In the present paper is discussed the recent evolution in the understanding of the role of lactate formation in promoting cancer. On it is postulated the hypothesis that chronic stress is the major risk factor and inductor of the increased lactate production which might lead to the carcinogenic process. It also explains how stress develops lactate formation, which was discovered in 1925.

The current hypothesis supports ketogenic diets for prevention and therapy for cancer. This follows the reasoning that while fats do not have appreciable effects on the sympathetic nervous system (SNS) or in lactate formation, high carbohydrate diets have significantly effects on both SNS and lactate formation.

At the end of the paper is a short explanation and link to a parallel article where is discussed cardiac glycosides as the fundamental drugs for prevention and treatment of cancer.

Introduction

The Recent Evolution of the Role of Lactate in Promoting Cancer

A paper by Thomas N Seyfried and Laura M Shelton has presented in 2010 a hypothesis that genomic instability and essentially all hallmarks of cancer, including aerobic glycolysis (Warburg effect), can be linked to impaired mitochondrial function and energy metabolism. This paper raised the point that emerging evidence questions the genetic origin of cancer and suggests that cancer is primarily a metabolic disease.[2]

 

Otto Heinrich_Warburg

This study from Seyfried and Shelton also stirred a great and new interest about the concept of Otto Warburg, developed in the early twenties of the past century. Warburg observed that cancer cells were characterized by accelerated glycolysis and excessive lactate formation even under fully oxygenated conditions. According to Warburg, many tumours depend heavily on glucose for their metabolic demands and ferment it to lactate. His concept was later called the Warburg effect

Advocating that energy restricted diets combined with drugs targeting glucose and glutamine can provide a rational strategy for the longer-term management and prevention of most cancers, these authors say that fats and especially ketone bodies can replace glucose as a primary metabolic fuel under calorie restriction. [2]

Mercedes Garcia-Alvarez and colleagues, in a study from 2013[3] expressed their point of view that “In almost all severe disease-related physiological stress, a raised blood lactate concentration is an independent predictor of mortality. However, the source, biochemistry, pathophysiology, and metabolic function of lactate remain unclear. Whether such stress hyperlactataemia represents a maladaptive or protective response is also unknown”.

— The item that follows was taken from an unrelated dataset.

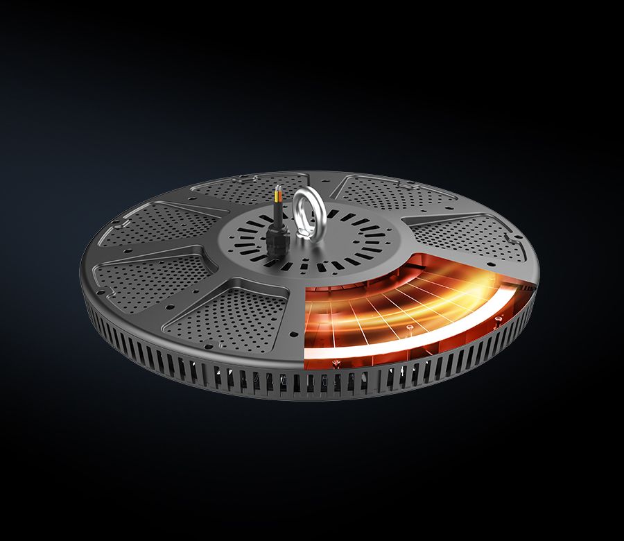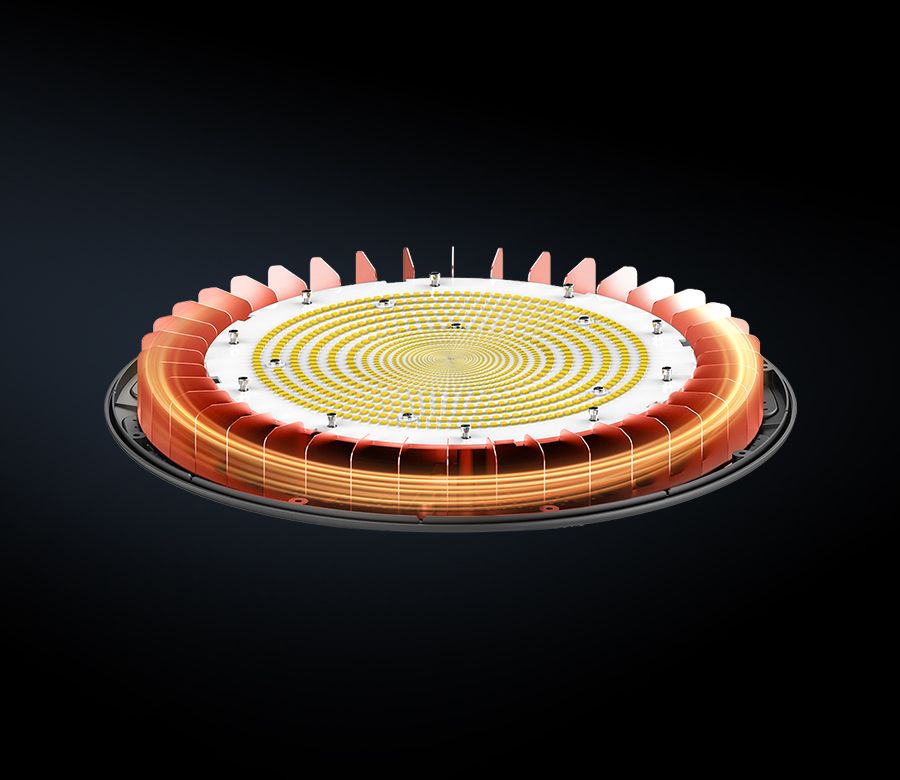 基于热空气向上流动的原理,底部和灯体周围设计了空气动力学的进气口。传入的冷空气在灯体中循环以冷却,并通过在外部和顶部设计的散热器排放。

Fortunately, Iñigo San-Millán and George A. Brooks, through a study published in 2017[4] arrived, in my opinion, to a clear and straightforward explanation of the Warburg effect. They introduced a proposal in which the augmented lactate formation, initiated by gene mutations, is the reason and purpose of the Warburg effect and that dysregulated lactate metabolism and signalling are the key elements in carcinogenesis. According to their proposition, therapies to limit lactate exchanging and signalling within and among cancer cells should be priorities for discover.

We see the proposition made by San-Millán and Brooks[4] as a major breakthrough in the research for the cure of cancer. We also agree with their view that lactate is necessary for all the major steps in carcinogenesis.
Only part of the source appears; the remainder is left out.